If the only person remotely representing felony prosecutors on the panel had “big concerns” about the way the commission dealt with violent crimes, child sexual abuse, and murder, that speaks volumes about the work of the commission. Any career-minded, law-and-order, experienced felony prosecutor would have spelled out, in detail, concerns as they related to the most serious crimes. Yet Suttenberg meekly and briefly mentioned her “big concerns” and fell silent.
To make matters worse, with respect to mandatory minimums, Suttenberg noted that the U.S. Attorney’s Office is part of the Department of Justice, and as such, their office’s position is “consistent with the Department’s broader position.” She quoted Attorney General Merrick Garland from his confirmation hearing where he stated that we should consider the “elimination of mandatory minimums so that we give authority to trial judges to make determinations based on all of the sentencing factors judges normally apply to them to do justice in individual cases.”REF
Schmechel, Braman, and Wieser nodded approvingly as Suttenberg talked about eliminating mandatory minimum sentences, and Laura Hankins, the public defender, jumped in after Suttenberg was finished and said, while clapping her hands, “just clap my hands.” As Hankins said that, Schmechel beamed, Braman smiled, and Wieser smirked. The fix was in.
Hankins noted that PDS supports the reforms of the CCRC, but that it does not agree with all the changes. Still, she was “thrilled to hear that the U.S. Attorney’s Office” supports the elimination of mandatory minimum sentences. “We do not need them,” according to Hankins, because they have a voluntary sentencing guidelines system that judges “largely follow” that does a lot toward “reducing the goal of unwarranted disparity and even guides judges in many cases to imposing prison time.” Hankins opined that the reason prosecutors like mandatory minimums is “because it gives them a tremendous amount of power in the charging decisions.”

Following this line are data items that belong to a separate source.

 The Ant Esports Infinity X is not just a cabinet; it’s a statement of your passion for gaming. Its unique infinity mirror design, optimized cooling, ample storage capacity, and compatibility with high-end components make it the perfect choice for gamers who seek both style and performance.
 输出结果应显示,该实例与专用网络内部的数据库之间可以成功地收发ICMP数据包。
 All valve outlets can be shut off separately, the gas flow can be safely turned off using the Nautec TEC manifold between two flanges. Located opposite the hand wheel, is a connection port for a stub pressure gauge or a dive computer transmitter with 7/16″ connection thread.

The Real Effects of Mandatory Minimums. It must not have occurred to Hankins—or any of the panelists—that the reason prosecutors, victims, legislators, and others like mandatory minimums is because they provide clarity and certainty when someone is convicted of a violent crime; assure victims that the criminal will serve a set period of time in jail; remove judges’ ability to give convicted violent criminals a de minimis sentence; and take bad guys off the street for long periods of time, thus protecting the very communities upon which they preyed.

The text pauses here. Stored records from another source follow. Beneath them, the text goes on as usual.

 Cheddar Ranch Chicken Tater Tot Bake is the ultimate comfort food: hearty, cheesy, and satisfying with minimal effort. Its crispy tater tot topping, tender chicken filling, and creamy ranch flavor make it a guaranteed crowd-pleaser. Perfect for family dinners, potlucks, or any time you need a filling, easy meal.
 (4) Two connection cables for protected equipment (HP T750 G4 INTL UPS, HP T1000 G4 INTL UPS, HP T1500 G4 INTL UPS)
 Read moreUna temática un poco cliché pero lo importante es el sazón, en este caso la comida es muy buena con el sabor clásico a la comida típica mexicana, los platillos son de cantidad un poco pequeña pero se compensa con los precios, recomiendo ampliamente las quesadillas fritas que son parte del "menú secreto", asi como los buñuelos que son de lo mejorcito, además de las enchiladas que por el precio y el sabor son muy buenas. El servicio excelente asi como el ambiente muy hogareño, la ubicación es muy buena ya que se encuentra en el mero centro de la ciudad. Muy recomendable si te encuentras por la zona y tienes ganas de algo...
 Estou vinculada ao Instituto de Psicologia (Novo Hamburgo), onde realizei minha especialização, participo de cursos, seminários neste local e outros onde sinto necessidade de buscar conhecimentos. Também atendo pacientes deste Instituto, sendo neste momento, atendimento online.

Hankins, on the other hand, opined that “we should be against mandatory minimums” as they give prosecutors too much power of coercion.
Judicial Discretion. Wieser, from the D.C. Attorney General’s Office, said that her office “takes very seriously” public safety, and that the Attorney General is also against mandatory minimums, as he believes that judges should be able to exercise their discretion. She noted that her office had concerns about the crime of driving while intoxicated (DWI) which her office believes should include a mandatory minimum sentence. At the time of the panel, the CCRC had not made a sentencing recommendation with respect to DWI. (In 2021, at the time of the panel, the Attorney General was Karl Racine, who has since been succeeded by Brian Schwalb.)

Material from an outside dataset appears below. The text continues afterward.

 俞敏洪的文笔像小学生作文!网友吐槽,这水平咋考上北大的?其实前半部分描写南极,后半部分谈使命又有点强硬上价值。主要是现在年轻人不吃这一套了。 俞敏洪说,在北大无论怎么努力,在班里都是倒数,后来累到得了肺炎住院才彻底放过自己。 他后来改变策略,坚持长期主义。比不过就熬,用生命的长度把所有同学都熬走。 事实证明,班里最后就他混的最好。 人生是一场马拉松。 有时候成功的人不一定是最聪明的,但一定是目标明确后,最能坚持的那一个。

Wieser also artfully avoided the elephant in the room: the fact that the District is experiencing an explosion of violent crime by juvenile offenders with, apparently, no idea what to do about it. None of the other panelists touched on it, and by not talking about the topic of why so many teens are committing violent crimes, how to hold them accountable, or whether they should change the law to allow more violent juveniles to be tried as adults, the panelists appear to hope the problem will simply go away—which, of course, it will not.
The Third Panel: Slavery, Jim Crow, and White Supremacy
If the first two panels did not capture the full flavor of the CCRC’s radical shift away from reality-based criminal justice reform, the third panel certainly drove the point home.REF Not one of the panelists was a mainstream, law-and-order prosecutor. In fact, four of the five panelists are well-known social justice warriors and advocates for decarceration, and the other was a George Soros–funded rogue prosecutor from Arlington County, Virginia. The panelists were:
- Marc Schindler, Executive Director of the Justice Policy Institute and former defense attorney;
- Paul Butler, a law professor at Georgetown University Law Center and author of Chokehold: Policing Black Men;
- Halim Flowers, an artist, activist, and Ambassador for Represent Justice;
- Patrice Sulton, Founder and Executive Director of the DC Justice Lab; and
- Parisa Dehghani-Tafti, the Commonwealth’s Attorney for Arlington County, Virginia.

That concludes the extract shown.